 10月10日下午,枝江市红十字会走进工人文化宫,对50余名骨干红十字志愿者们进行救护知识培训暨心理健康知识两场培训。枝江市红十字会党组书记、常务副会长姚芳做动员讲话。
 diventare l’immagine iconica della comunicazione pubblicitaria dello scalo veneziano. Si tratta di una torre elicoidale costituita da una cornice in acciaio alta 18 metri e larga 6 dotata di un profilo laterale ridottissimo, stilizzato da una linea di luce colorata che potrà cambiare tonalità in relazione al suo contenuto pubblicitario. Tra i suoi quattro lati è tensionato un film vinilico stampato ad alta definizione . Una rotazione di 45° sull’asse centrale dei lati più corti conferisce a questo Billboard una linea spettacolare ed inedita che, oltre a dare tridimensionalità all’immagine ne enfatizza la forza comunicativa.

--

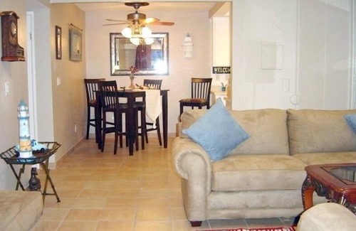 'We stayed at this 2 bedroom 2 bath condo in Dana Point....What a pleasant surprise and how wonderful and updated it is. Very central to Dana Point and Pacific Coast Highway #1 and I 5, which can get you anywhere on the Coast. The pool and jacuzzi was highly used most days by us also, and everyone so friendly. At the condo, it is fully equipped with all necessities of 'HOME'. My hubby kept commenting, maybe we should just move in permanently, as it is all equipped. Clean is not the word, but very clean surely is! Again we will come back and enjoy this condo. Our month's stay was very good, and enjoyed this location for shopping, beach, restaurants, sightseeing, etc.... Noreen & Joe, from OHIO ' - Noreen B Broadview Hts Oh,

- [Instructions to follow] Among the entries above, the lines between the ones containing "10月10日下午,枝江市红十" and "diventare l’immagine iconica", inclusive, are to be transcribed exactly. No other line is to be given.

- [The completed task]
 10月10日下午,枝江市红十字会走进工人文化宫,对50余名骨干红十字志愿者们进行救护知识培训暨心理健康知识两场培训。枝江市红十字会党组书记、常务副会长姚芳做动员讲话。
 diventare l’immagine iconica della comunicazione pubblicitaria dello scalo veneziano. Si tratta di una torre elicoidale costituita da una cornice in acciaio alta 18 metri e larga 6 dotata di un profilo laterale ridottissimo, stilizzato da una linea di luce colorata che potrà cambiare tonalità in relazione al suo contenuto pubblicitario. Tra i suoi quattro lati è tensionato un film vinilico stampato ad alta definizione . Una rotazione di 45° sull’asse centrale dei lati più corti conferisce a questo Billboard una linea spettacolare ed inedita che, oltre a dare tridimensionalità all’immagine ne enfatizza la forza comunicativa.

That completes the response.